If you are a debtor in bankruptcy court, stripping could be a very profitable thing . . . stripping off liens from your property, that is.

But it might not be the only bankruptcy strategy to get rid of pesky liens. Avoidance could work well, too.

California bankruptcy law guru Cathy Moran has written a nice article on the niceties of the differences between the two approaches. Its a subject that often confounds even experienced bankruptcy attorneys.

Basically, the idea is that avoidance is a way to eliminate liens placed on property that the debtor has declared exempt from attachment in the bankruptcy. It works principally on judicial liens, meaning those issued by a court as the result of a lawsuit. It won’t help you get rid of tax liens, because those arise by statute, not court orders.

If you are attempting to avoid a lien, it usually is a simple matter which involves your attorney filing a motion which is rarely disputed. As long as you complete your bankruptcy case and don’t bail out early, you will end up with an order from the judge that you can record at the county registry of deeds.

Avoidance is a creation of section 522 of the bankruptcy code (concerning exeptions), and so applies equally to Chapter 7 and Chapter 13 cases.

As for the somewhat sexier topic of stripping, for years this tactic has been the exclusive province of Chapter 13 filers. With lien stripping, the trick is to find second of third liens that are completely underwater. In that case, they can be “stripped,” and the creditor gets an unsecured claim instead.

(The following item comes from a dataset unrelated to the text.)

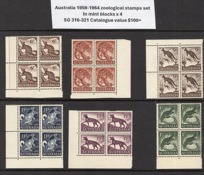 Australia 1959-1964 Zoological stamps set in mint blocks x 4 SG 316-321

Again, this is handled by a fairly routine motion, which may or may not be contested in court.

First mortgages on residential homes cannot be stripped or modified at all, and if there is even a dollar’s worth of equity supporting a loan in second or third position, that lien can’t be stripped off either. Again, the loan must be completely underwater to get it’s lien stripped.

The big news recently in the lien-stripping world came out of Georgia, where the in the McNeal case the 11th Circuit recently ruled that Chapter 7 filers can strip liens, too.

So far, this decision only applies in Florida and Georgia, but you can be sure I’ll be watching to see if there is any enthusiasm for the reasoning behind it among Massachusetts and New Hampshire bankruptcy judges.

It certainly would be much cheaper and quicker for debtors to be able to strip liens in a Chapter 7 case. But only time will tell if that will become a realistic possibility in this corner of the nation.